Le courrier économique N°15 de la Chambre consulaire de Pointe Noire au CongoC’est à travers l’éditorial du magazine que se résume la motivation de cette publication. Sylvestre Didier Mavouenzela, président de la Chambre consulaire de Pointe-Noire, évoque les virages probables à prendre.

Force est pour lui de constater, en substance, que la réalité est bien mouvante. Dans nos projections mêmes les plus pessimistes, nous étions à mille lieues d’imaginer la mise sous « coma artificiel » de l’économie mondiale avec, à la clé, une récession d’une magnitude inédite, écrit-il.

Ce tableau sombre est imputable à la pandémie du nouveau coronavirus, qui a imposé sa loi d’airain même aux trajectoires économiques les plus vertueuses de la planète. Chômage, creusement des inégalités…

Pour le président de la Chambre consulaire, l’inquiétude enfle au sujet de cette situation -potentiellement explosive- née de la mesure de l’arrêt, partiel ou complet, de l’activité, elle-même associée au choix du confinement comme digue à la déferlante redoutée des contaminations. Dans ce nouveau panorama, les entreprises souffrent.

Sur notre territoire, elles entamaient juste leur retour à un embryon de normalité après la crise des matières premières de 2014, qui avait grippé les deux moteurs de l’économie nationale : l’investissement public et la commande du secteur pétrolier.

S’il est acquis que le soutien aux entreprises est vital pour enrayer un naufrage, il est plus qu’urgent pour ces dernières d’engager les tournants qui sont la clef de demain. Sans pour autant prétendre à l’exhaustivité, l’amélioration de la structuration et une transition vers un modèle organisationnel et opérationnel où le numérique prend une place prépondérante.

Cela a d’ailleurs été constaté sur notre territoire pendant la période de confinement : dans les secteurs où l’activité a été autorisée, seules les entreprises ayant déjà pris le cap du digital sont parvenues à travailler plus ou moins normalement. Le digital : voilà la voie à suivre dans un monde qui n’est plus sûr, où un regain de vigueur du virus actuel ou l’irruption d’un nouveau -tout aussi virulent -pourrait rendre impérieuse la réédition des dispositions qui ont laminé l’activité.
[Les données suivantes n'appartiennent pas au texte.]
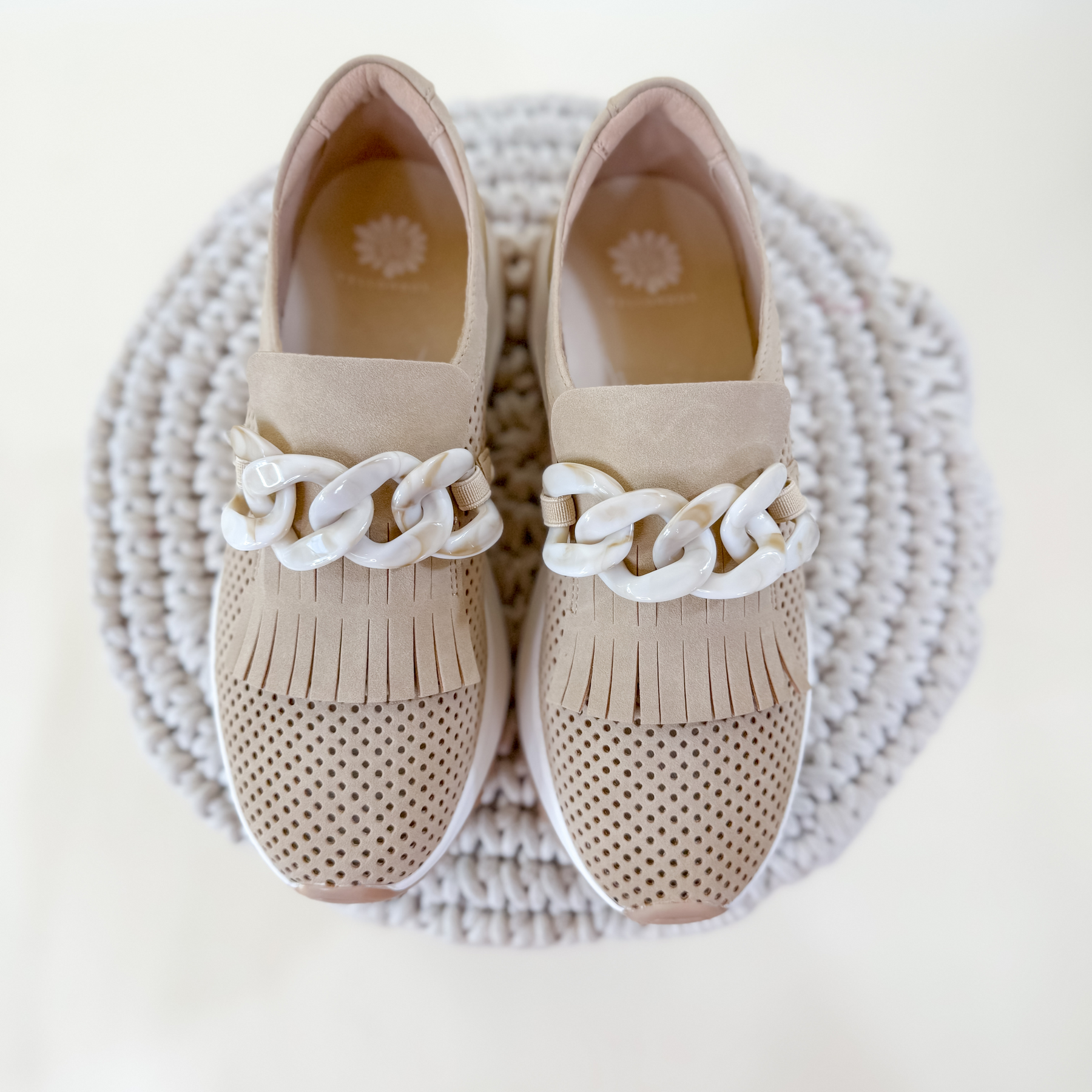 Meet RISKA⎯ an adorable sneaker that's sure to become your go-to favorite in no time! This charming loafer is designed with a perforated vamp and chunky chain hardware. The lightweight construction and removable insole make RISKA the perfect choice for those who want to make a fashion statement while feeling light on their feet.

A partir de la culture encore balbutiante, Sylvestre Didier Mavouenzela propose que la mise en commun des moyens dans le cadre des clusters ou toute autre organisation où les synergies sont largement envisageables soit à l’ordre du jour. Dans leur solitude, chacun d’eux, pendant la même période de confinement, a cherché des solutions à ses problèmes là où une collaboration aurait permis à un plus grand nombre de maintenir un certain seuil d’activité.

Le problème de transport, la difficulté d’approvisionnement en intrants auraient été peut-être vécus avec moins d’anxiété par les acteurs agricoles et de l’élevage si des plateformes collaboratives avaient précédé l’irruption de la pandémie. Bref, le feuilleton du coronavirus n’a pas encore livré son épilogue. Des rebondissements sont sans nul doute à prévoir.

Mais il y a une certitude : la séquence n’est pas seulement prodigue en périls, elle peut être vectrice d’une nouvelle dynamique pour les entreprises. A condition qu’elles tirent des leçons et que l’accompagnement nécessaire à leur rebond soit véritablement à la hauteur des attentes.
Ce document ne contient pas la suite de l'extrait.